Usually, the music in Baroque Regietheater opera is scrupulously played uncut in whatever current notions of period-performance research dictate. Uh, this one was a little different. About a quarter of the score was trimmed, including the overture, and composer Shelley Washington was brought in to make “orchestrations” and “adaptations.”
Most of the time, the Musica Angelica Baroque Orchestra under the energetic command of Christopher Rountree — recently appointed as LBO music director — was left to its own expert devices. But there were isolated patches in which Washington would come roaring in with a rock rhythm section, flaunting a disco-like beat for the entrance of La Fortuna (soprano Sharon Chohi Kim, playfully dressed in white tunic and hat à la Michael Jackson), issuing a brief blast of rock ’n’ roll for the mountain lion attack, reinforcing the Baroque band with electric bass. Most of the time, the continuo was provided by a harpsichord sound, but in Act II a Fender Rhodes electric piano turned up instead, lending a pearl-rounded poignancy to Anastasio’s pain. These “adaptations” were alternately refreshing, jarring, exciting, gratuitous, and at times, uncannily of a piece with the succession of muscle cars, motorcycles, and sirens piercing the night air on nearby Alamitos Ave.
Emperor Anastasio, originally a soprano castrato part in the bad old days, was cast as a female soprano, thus setting up a same-sex marriage with Empress Arianna. Soprano Anna Schubert sang Arianna luminously, her acting displaying a greater range than I’ve seen from her in the past, and her voice was just enough of a contrast with that of Marlaina Owens’s Anastasio. Countertenor Luke Elmer’s Giustino was played more as a young uncertain drifter than as an emerging hero.
The problem of portraying Handel’s “sea monster” was “handled” (pardon the pun) economically by having Vitaliano’s aide Polidarte (Dante Mireles) do it while wrapped in plastic. It was announced prior to curtain time that bass-baritone Douglas Williams (Amanzio) was suffering from laryngitis (non-COVID) but he made it through the night admirably despite sounding uncomfortable in the lower register. Amanda Lynn Bottoms sang Leocasta in a tremulous mezzo-soprano and Orson Van Gay displayed a fine heroic tenor for Vitaliano.

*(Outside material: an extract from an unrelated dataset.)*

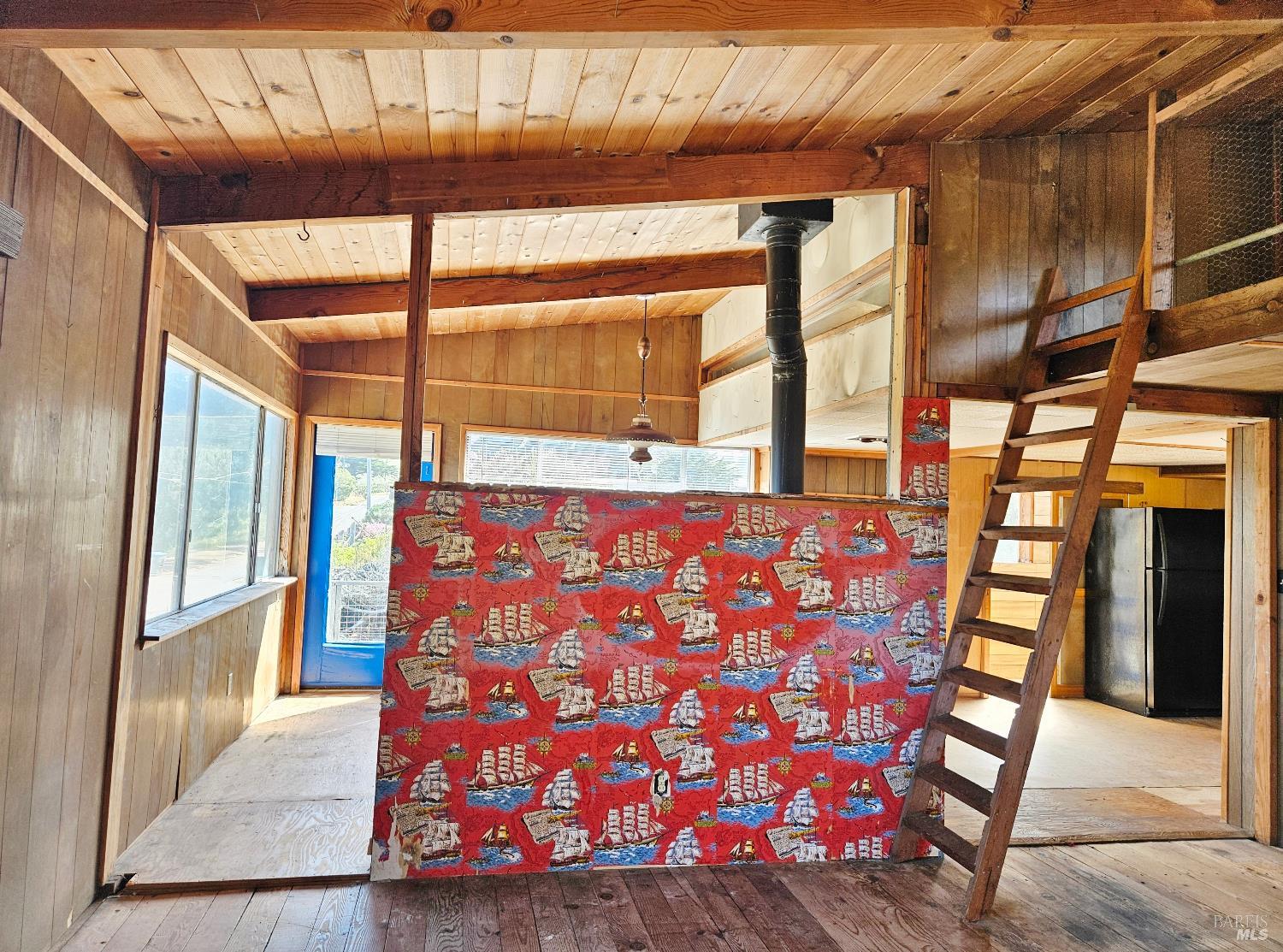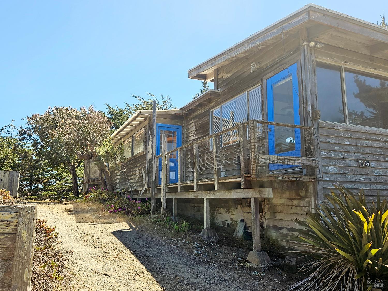 Unique home located in Salmon Creek, Bodega Bay. Large living room with a brick fireplace, fun sleeping loft for kids. A dining area with big picture windows have views of the ocean and the creek. There is a cozy gas fireplace in the dining area that can heat the whole house. Open beam ceilings. Tons of storage space you can even walk under the house where the washer and dryer hookups are and lots of space to store all your beach toys. Enjoy the sunny back porch off the living room. This home needs someone with a vision to remodel and make it a great place to come and enjoy the beach.Interested in this Listing?

If you respond to the incongruities, occasional silliness, and contemporary insights of Baroque Regietheater, you’ll probably have a good time with this (it repeats May 28). Each act is not unreasonably long — 58 and 70 minutes — the amplified sound is good, the supertitles are dim at first but quite legible after nightfall. Moreover, the museum is full of spellbinding modern abstract art, and entrance requires proof of vaccination with booster and masks when indoors. Dress warmly; the winds blowing in from the harbor were chilly.